Since most of us are not likely eating enough fish per week to maintain good levels of DHA and EPA supplementation may provide great benefit.  Furthermore, there is much debate on the quality of fish these days and the potential for ingesting harmful toxins (ie. mercury, PCBs, dioxins).  The good news is that there are now several high quality fish oils (or DHA-rich algae oil for vegetarians) manufactured in a capsule or liquid form.  

Remember, it is important to remember that like probiotics, fish oil is best kept refrigerated to preserve quality.

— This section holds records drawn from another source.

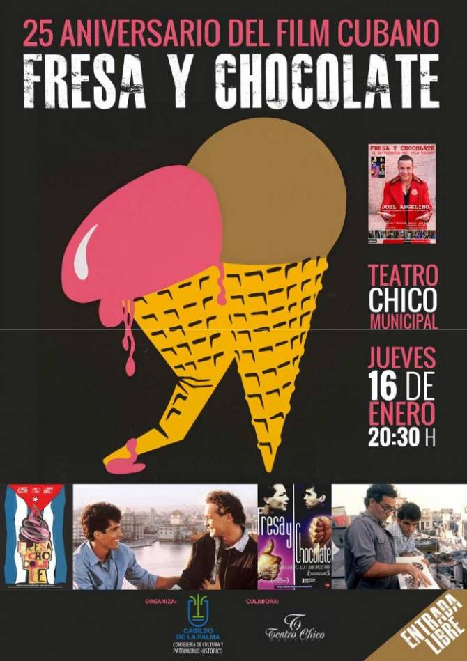 El Cabildo de La Palma, a través de la Consejería de Cultura, ha programado la representación de la obra teatral Fresa y chocolate basada en la película del mismo título. La función se lleva a las tablas con motivo del 25 aniversario de esta famosa producción cinematográfica cubana de 1993. La cita con esta propuesta escénica tendrá lugar en el Cine Teatro Chico de Santa Cruz de La Palma este jueves, 16 de enero, a las 20:30 horas. El pase es libre y gratuito hasta completar aforo.
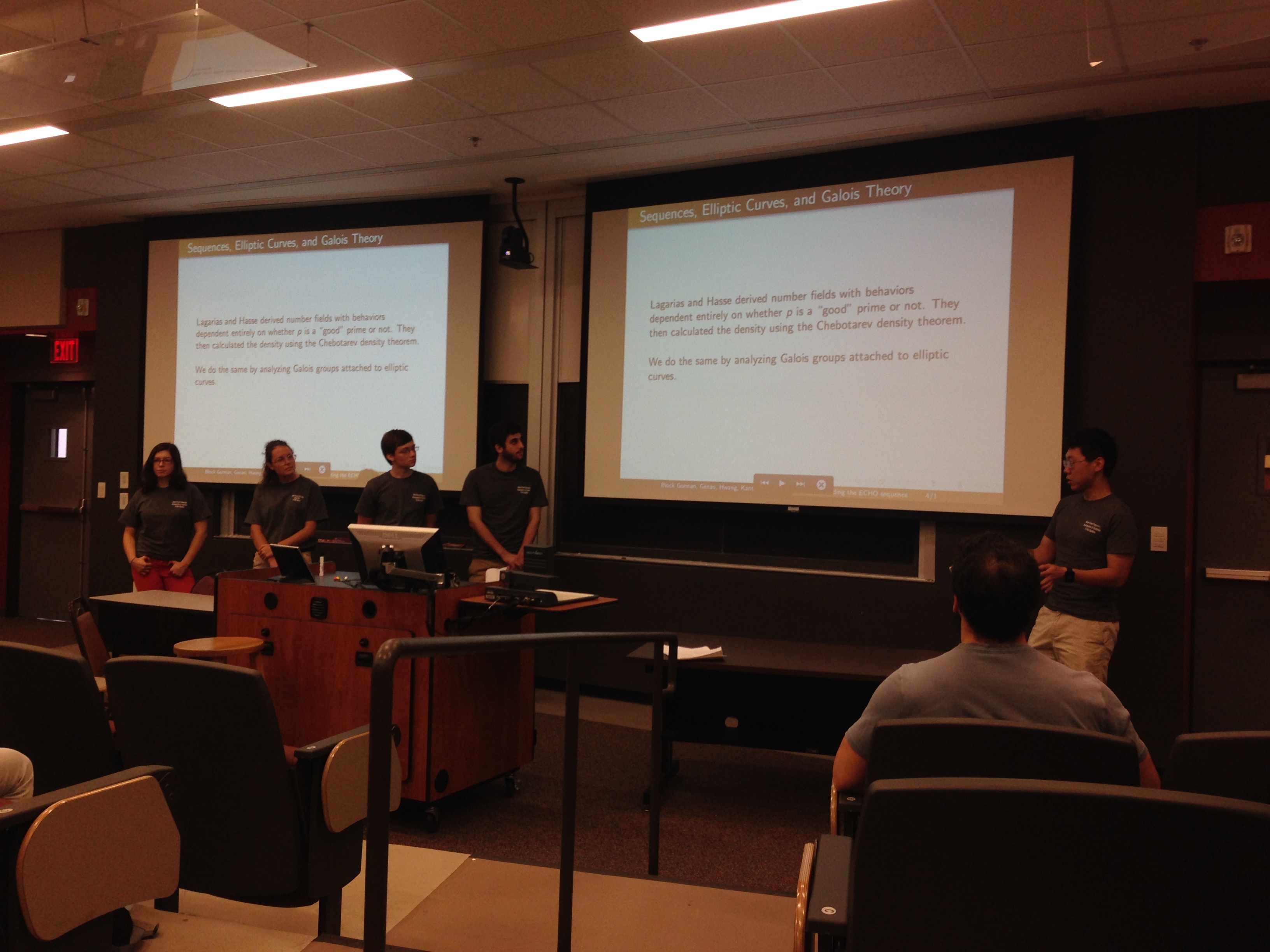 • Primes dividing the ECHO sequence” (Block Gorman, Genao, Hwang, Kantor, Parsons), Mock AMS Conference, University of Georgia, July 2015. Also, given at the AMS-MAA-SIAM Special Session on Research in Mathematics by Undergraduates and Students in Post-Baccalaureate Programs, AMS-MAA Joint Meetings, Saturday, January 9, 2016.
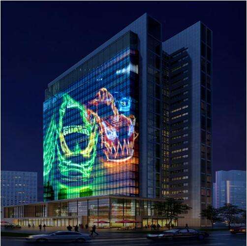 这种LED显示技术的设计极大地减少了结构部件对视线的阻挡,大限度的提高了透视效果。同时还具有新颖独特的显示效果,观众站在理想距离观看,画面像悬浮于玻璃幕墙之上。
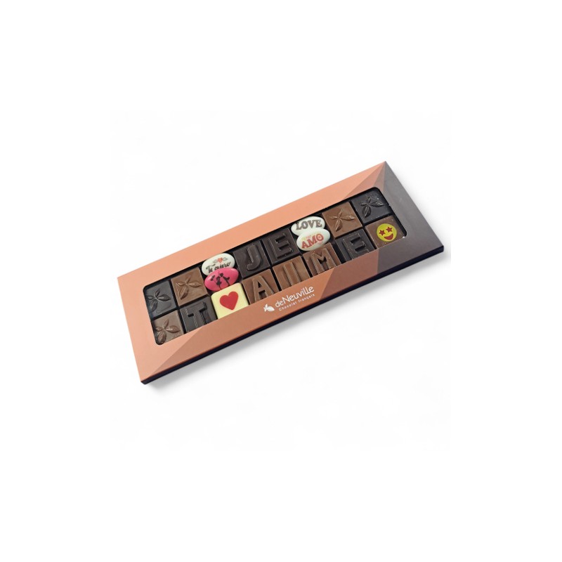 Ce message "Je t'aime" est composé de lettres en chocolat de tablette assorti noir, lait, et blanc.

As always, whenever thinking about beginning any supplements, consult with your ND or MD.


James Yoon 

References
  1. Wei, M.Y., Jacobsen, T.A. (2011).  Effects of Eicosapentaenoic Acid Versus Docosahexaenoic Acid on Serum Lipids: A Systematic Review and Meta-Analysis.  Curr Atheroscler Rep 13: 474 – 483.
  2. Marik, P.E., Varon, J. (2009). Omega-3 Dietary Supplements and the Risk of Cardiovascular Events: A Systematic Review. Clin. Cardiol. 32 (7): 365 – 372.
  3. Mori, T.A., Beilin, L.J. (2004).  Omega-3 Fatty Acids and Inflammation.  Current Atherosclerosis Reports 6: 461 – 467.
  4. Martins, J.G. (2009). EPA but Not DHA Appears To Be Responsible for the Efficacy of Omega-3 Long Chain Polyunsaturated Fatty Acid Supplementation in Depression: Evidence from a Meta-Analysis of Randomized Controlled Trials. Journal of the American College of Nutrition 28(5): 525 – 542.
  5. Transler, C. et al (2010). The Impact of Polyunsaturated Fatty Acids in Reducing Child Attention Deficit and Hyperactivity Disorders. Journal of Attention Disorders 14(3): 232 – 246.
  6. Moghadamnia AA, Mirhosseini N, Abadi MH, Omranidrad A, Omidvar Sh. (2010). Effect of Clupeonella grimmi (anchovy/kilka) fish oil on dysmenorrhoea.  Eastern Mediterranean Health Journal; 16(4): 408 – 413.